Found 25 business descriptions with domain suggestions
Training set: 20 examples
Testing set: 5 examples

Example training pairs:

Example 1:
Prompt: Here is the business description:
Food truck serving gourmet burgers made with locally sourced ingredients
Completion: 1. gourmetburgertruck.com
2. localingredientsburgers.food
3. foodtruckgourmet.net
4. artisanburgermobile.org
5. farmtotablburgers.co
6. mobilegourmetburgers.biz
7. localburgertruck.info
8. gourmetstreetburgers.truck
9. farmfreshburgertruck.mobile
10. artisanburgerco.food
--------------------------------------------------

Example 2:
Prompt: Here is the business description:
Yoga instructor offering private classes and corporate wellness programs
Completion: 1. privateyogainstructor.com
2. corporatewellnessyoga.org
3. personalyogateacher.net
4. workplacewellnessyoga.co
5. mindfulnessinstructor.biz
6. yogaforcompanies.info
7. privateyogasessions.pro
8. corporateyogateacher.wellness
9. customyogaprograms.services
10. wellnes

Output of GPT 5 model is stored in `data/pairs` file. It got processed using python into two separate JSON files for training and testing fine tuned model.

In [7]:
def load_training_data(tokenizer, file_path: str):
    """Load the training dataset from JSON file."""
    with open(file_path, 'r', encoding='utf-8') as f:
        data = json.load(f)

    texts = []
    for item in data:
        # Create chat messages
        messages = [
            {'role': 'user', 'content': item['prompt']},
            {'role': 'assistant', 'content': item['completion']}
        ]

        # Apply chat template to create the training text
        # This will format it exactly like the model expects during inference
        text = tokenizer.apply_chat_template(
            messages,
            tokenize=False,
            add_generation_prompt=False
        )
        texts.append(text)

    return texts


def tokenize_function(examples, tokenizer, max_length=512):
    tokenized = tokenizer(
        examples['text'],
        truncation=True,
        padding='max_length',
        max_length=max_length,
        return_tensors='pt'
    )

    tokenized['labels'] = tokenized['input_ids'].clone()

    return tokenized

In [8]:
model_name = 'Qwen/Qwen3-0.6B'

tokenizer = AutoTokenizer.from_pretrained(model_name)

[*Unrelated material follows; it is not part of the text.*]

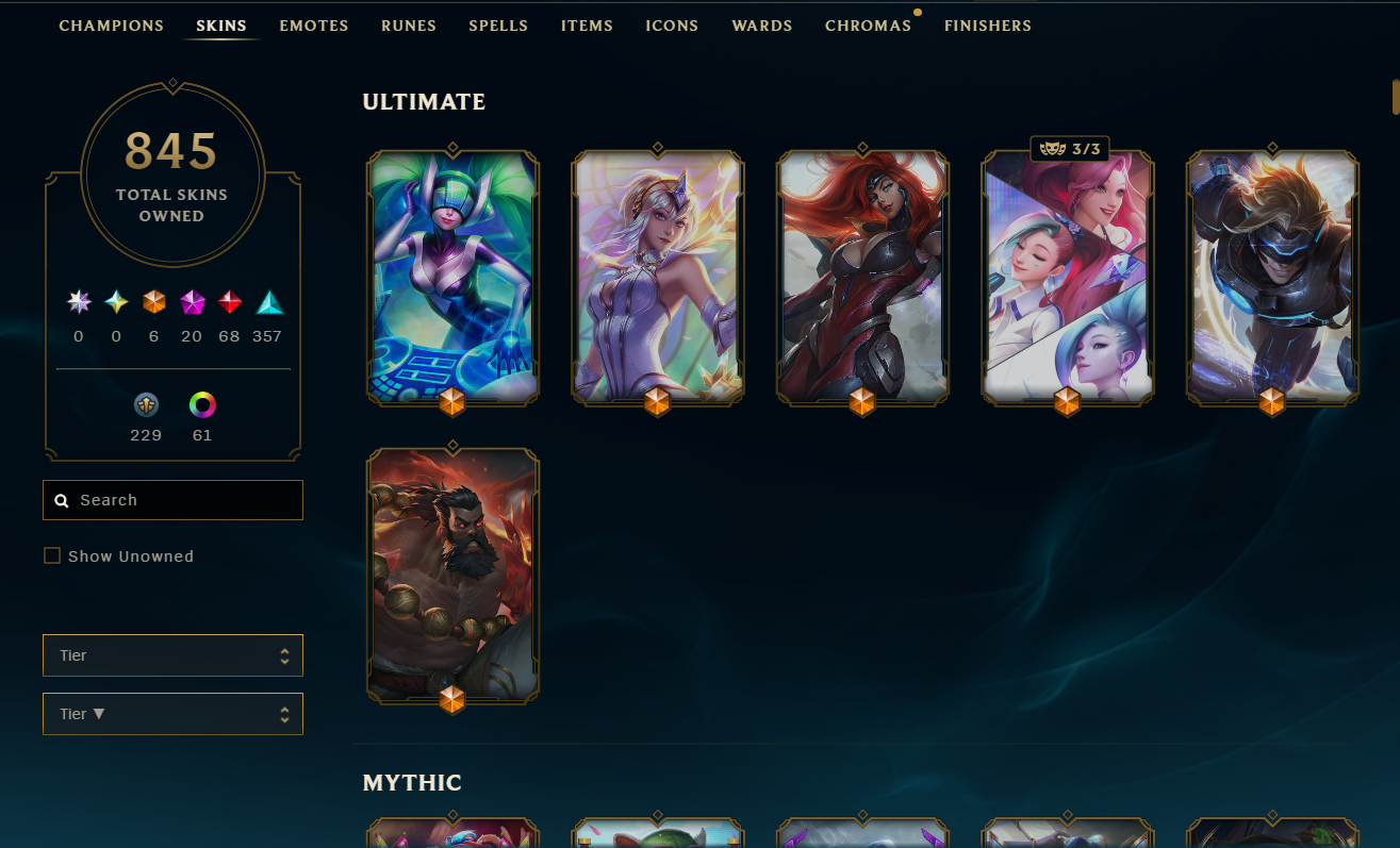 EUW/846 Skins/20 Mythic/6 Ultimate/68 Legendary/All Champions/Full Access

# Add padding token if it doesn't exist
if tokenizer.pad_token is None:
    tokenizer.pad_token = tokenizer.eos_token

model = AutoModelForCausalLM.from_pretrained(
    model_name,
    torch_dtype='auto',
    device_map='auto'
)

print('Loading training dataset...')
training_texts = load_training_data(tokenizer, 'data/training_dataset.json')

dataset = Dataset.from_dict({'text': training_texts})
print(f'Dataset size: {len(dataset)} examples')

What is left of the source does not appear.